I've added a little filter box to the list of tags on the right hand side of the pages. I find this quite useful to find stuff now my list of tags has grown to a horrendous length.
|Monday, January 31st, 2005|
|New plugin: Science
is now fully supported in CiteULike, which means you can add articles from it without having to type in the details.
|Friday, January 28th, 2005|
... and you can also post articles from IEEE Xplore
and have the details automatically appear for you.
Quick update: You can now post articles directly from the nature.com website without having to type the details in manually.
|Tuesday, January 18th, 2005|
|Post anything - not just from supported sites
I've obviously been spending too much time working on CiteULike and not enough time using it. It's only in the last few days I've discovered just how frustrating it is to get an error message when CiteULike won't let me post a particular article because it's not from a supported site.

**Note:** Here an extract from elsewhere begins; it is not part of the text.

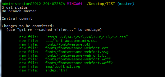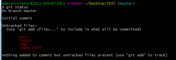 第三步:这时候你就可以把你的项目粘贴到这个本地Git仓库里面(粘贴后你可以通过git status来查看你当前的状态),然后通过git add把项目添加到仓库(或git add .把该目录下的所有文件添加到仓库,注意点是用空格隔开的)。在这个过程中你其实可以一直使用git status来查看你当前的状态。

So, I've removed this restriction. You can now post any URL you like. The only downside is that if it's not from a site that CiteULike knows about, you'll have to type in the citation details yourself.
There's a bit of history to why I decided to impose the restriction in the first place. When I wrote the site I didn't want it to become yet another social bookmarking site. I wanted it to fill a specific niche - academic articles. For it to be a useful academic resource, I reasoned, I had to make sure that users could browse about and get academic articles and not, say, details of chalets in France posted by a biochemist trying to organize his skiing holiday. That sort of thing would seriously devalue the site.
Secondly, I wanted to make sure the citation details were reasonably accurate (and spam free), so I initially decided to only take this information from serious online databases (like PubMed and Sciencedirect).
However, it's just far too annoying to be limited to a finite set of providers, so I had to make the change. There's still the issue of not polluting the quality of articles with arbitrary web pages though. To solve this, if you post a web page (or a PDF file, or whatever) from an unrecognized source, it will appear in you library, but not on the front page. Of course if you post the same article as others you'll still be able to see the "posted by x
others link" to find out who. This should hopefully be a reasonable compromise which will limit the damage that spammers can do to the site while allowing users the flexibility to actually store their entire bibliography online, and not just part of it.
Hope this helps.